Another mistake was confusing visual excitement with effective communication. I sometimes used decorative charts, including 3D bars, heavy outlines, dark backgrounds, and other embellishments that made the display feel dramatic. The problem was that these choices competed with the data. They made it harder to compare values and easier to become distracted by the design. Learning the basic principles of data visualization helped me understand that clean 2D graphs, light gridlines, and clear labels are not boring. They respect the reader’s time. Once I stopped trying to make charts look flashy, I was finally able to make them useful.
A third lesson was realizing that a graph is not successful if only some people can read it well. Early in my work, I relied too much on red and green or on color alone to distinguish categories. Later, I learned how difficult that can be for readers with color-vision deficiency. I also learned that a graph should still make sense when colors are muted, printed in grayscale, or viewed in less-than-ideal conditions. Now I use color-blind-safe palettes, direct labels, line styles, and other cues that do not depend on hue alone. This improved both accessibility and clarity.

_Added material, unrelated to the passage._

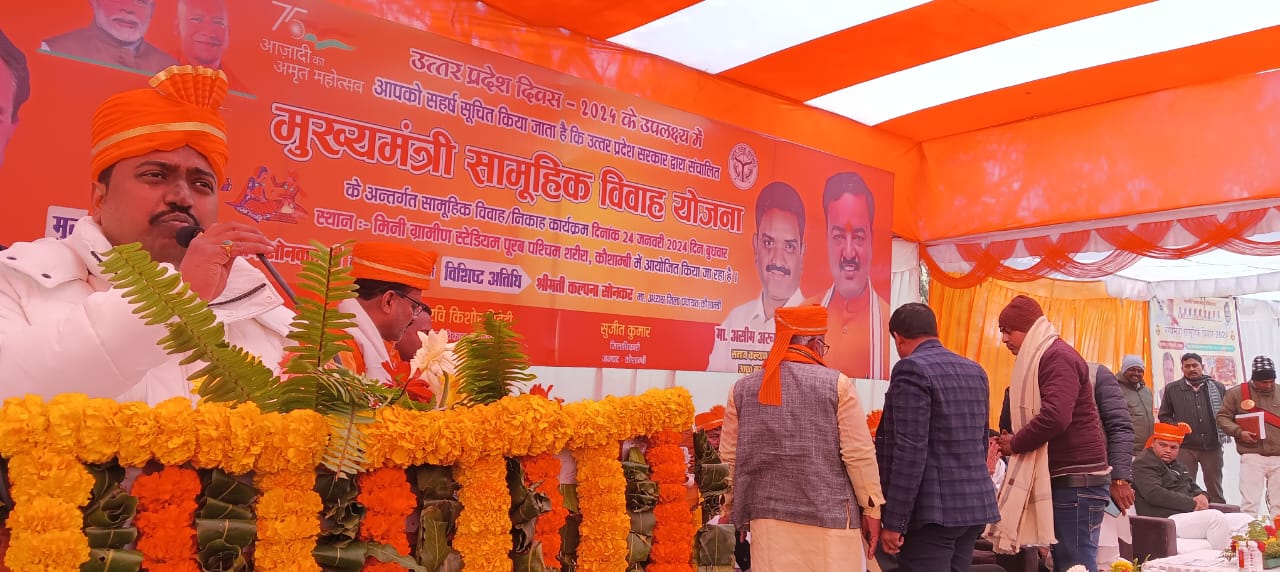 सासंद विनोद सोनकर ने समारोह को सम्बोधित करते हुए मुख्यमंत्री सामूहिक विवाह कार्यक्रम इतने भव्य एवं व्यवस्थित तरीके से आयोजित कराने के लिए जिला प्रशासन को धन्यवाद दिया। उन्होंने नव-विवाहित जोड़ों को आर्शीवाद देते हुए ईश्वर से सफल एवं सुखमय वैवाहिक जीवन की कामना की एवं सभी को उ0प्र0 दिवस की हार्दिक शुभकॉमनायें दी। उन्हांने अर्ह युवाओं से कहा कि जिनका नाम मतदाता सूची में दर्ज नहीं हैं, वे अपना नाम मतदाता सूची में अवश्य दर्ज करायें तथा राष्ट्र निर्माण में अपना योगदान करें। उन्हांने कहा कि केन्द्र एवं प्रदेश में ऐसी सरकार है, जो बिना किसी भेद-भाव के गरीब, शोषित, पीड़ित, मजदूर, किसान एवं समाज के सभी वर्गों की चिन्ता कर, उनके कल्याण के लिए निरन्तर कार्य कर रहीं है। मुख्यमंत्री की मंशा के अनुरूप मुख्यमंत्री सामूहिक विवाह योजना के तहत गरीब बेटियों का विवाह कराया जा रहा हैं। उन्होंने कहा कि मुख्यमंत्री के नेतृत्व में गरीब बेटियॉ, जो कभी सपना नहीं देख सकतीं, कल्पना भी नहीं कर सकतीं थी, कि उनका भी इतने भव्य तरीके से विवाह होगा, जिसमें सांसद एवं जिलाधिकारी आदि शामिल होंगे, मुख्यमंत्री सामूहिक विवाह योजना के तहत गरीब बेटियों के विवाह करायें जा रहें हैं। प्रधानमंत्री ने 2014 में हरियाणा की धरती से देश के लोगों से आवाह्न कर संकल्प दिलाया कि इस देश की बेटी को बचाना भी है तथा पढ़ाना भी है। प्रधानमंत्री के नेतृत्व में देश की बेटियों को बचाने के साथ ही पढ़ाने एवं आगे बढ़ाने का कार्य हुआ है। बेटी के पैदा होने से लेकर शिक्षा, रोजगार एवं विवाह की व्यवस्था सरकार द्वारा की जा रहीं है। उन्होंने कहा कि बेटियों के पैदा होने पर मुख्यमंत्री कन्या सुमंगला योजना के तहत रू0-06 हजार खाते में जमा कराया जाता है। उन्हांने कहा कि प्रधानमंत्री के नेतृत्व में देश नया इतिहास रच रहा है। उन्होंने कहा कि सामूहिक विवाह कार्यक्रम का आयोजन जिला मुख्यालय के स्थान पर विधानसभावार आयोजित किया जा रहा हैं ताकि गॉव के लोंगो को आने-जाने में कोई परेशानी न होने पायें। 29 जनवरी को चायल विधानसभा के नेवादा में सामूहिक विवाह का आयोजन किया जायेंगा। उन्होंने कहा कि जनपद कौशाम्बी के एक-एक मजरे का विद्युतीकरण करने का कार्य किया गया है। जनपद में मेडिकल कॉलेज निर्माणाधीन हैं। बसडिपो मंझनपुर का निर्माण कार्य हुआ है। उन्होंने कहा कि दंगल मैदान पश्चिम शरीरा के बाउण्ड्रीवाल का टेण्डर हो गया है, 40 लाख की लागत से बाउण्ड्रीवाल का कार्य कराया जायेंगा, किसी भी व्यापारी की कोई दुकान उजाड़ी नहीं जायेंगी।

Looking back, I do not think these mistakes happened because I did not care about quality. I think they happened because many of us learn software before we learn design principles. We discover how to create charts long before we understand how people actually read them. My work improved when I started asking different questions: What do I want the audience to notice first? What comparison matters most? Would this still work for someone reading quickly, printing in black and white, or struggling to distinguish color?
My biggest lesson is that data visualization is not about decoration. It is about judgment. It is about choosing forms, colors, labels, and emphasis in ways that support understanding. I still revise graphs often, but now revision feels purposeful. I am not adding more. I am removing what gets in the way. In my experience, that is when a graph begins to do what it is supposed to do.